▸ **TRY IT**
Restate exactly the lines that run from the start of the records below to the line containing "metal logo plaque", counting both ends, and nothing else; pictures stay out.

▸ **EXTRACTED ENTRIES**
<<<<

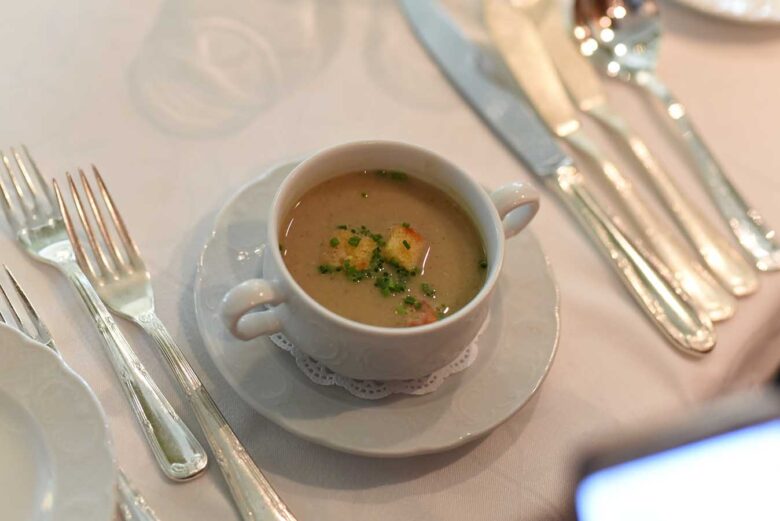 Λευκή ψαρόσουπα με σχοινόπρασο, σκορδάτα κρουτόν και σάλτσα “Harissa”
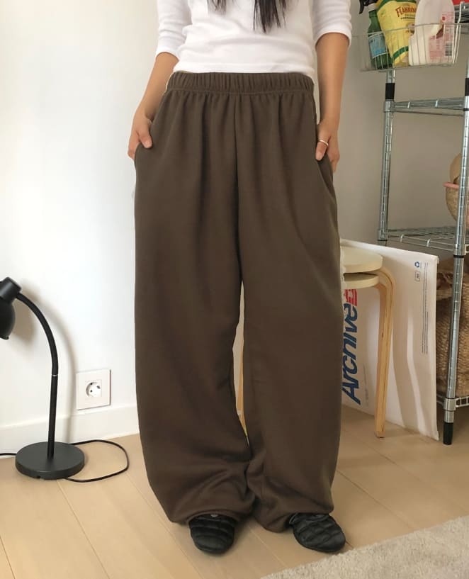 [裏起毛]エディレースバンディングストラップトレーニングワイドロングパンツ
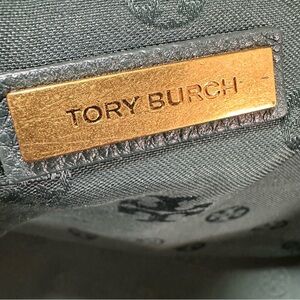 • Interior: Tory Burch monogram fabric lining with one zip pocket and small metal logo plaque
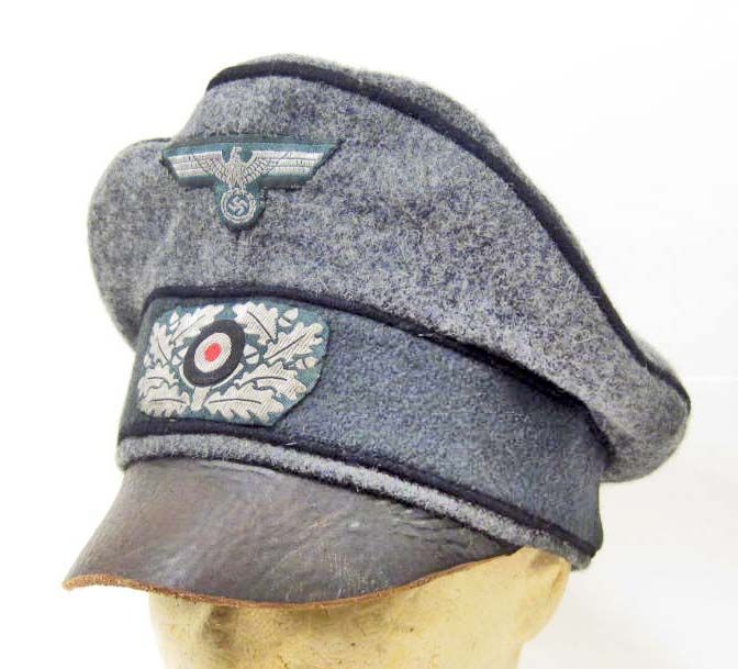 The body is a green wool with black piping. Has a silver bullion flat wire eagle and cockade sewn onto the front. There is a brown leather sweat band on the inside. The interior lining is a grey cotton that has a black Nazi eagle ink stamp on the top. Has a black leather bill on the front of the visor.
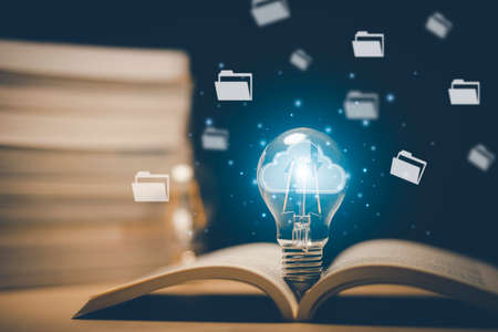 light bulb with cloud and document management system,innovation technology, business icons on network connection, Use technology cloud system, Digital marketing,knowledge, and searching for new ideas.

>>>>

▸ **RESPONSE TO THIS TASK**
 Λευκή ψαρόσουπα με σχοινόπρασο, σκορδάτα κρουτόν και σάλτσα “Harissa”
 [裏起毛]エディレースバンディングストラップトレーニングワイドロングパンツ
 • Interior: Tory Burch monogram fabric lining with one zip pocket and small metal logo plaque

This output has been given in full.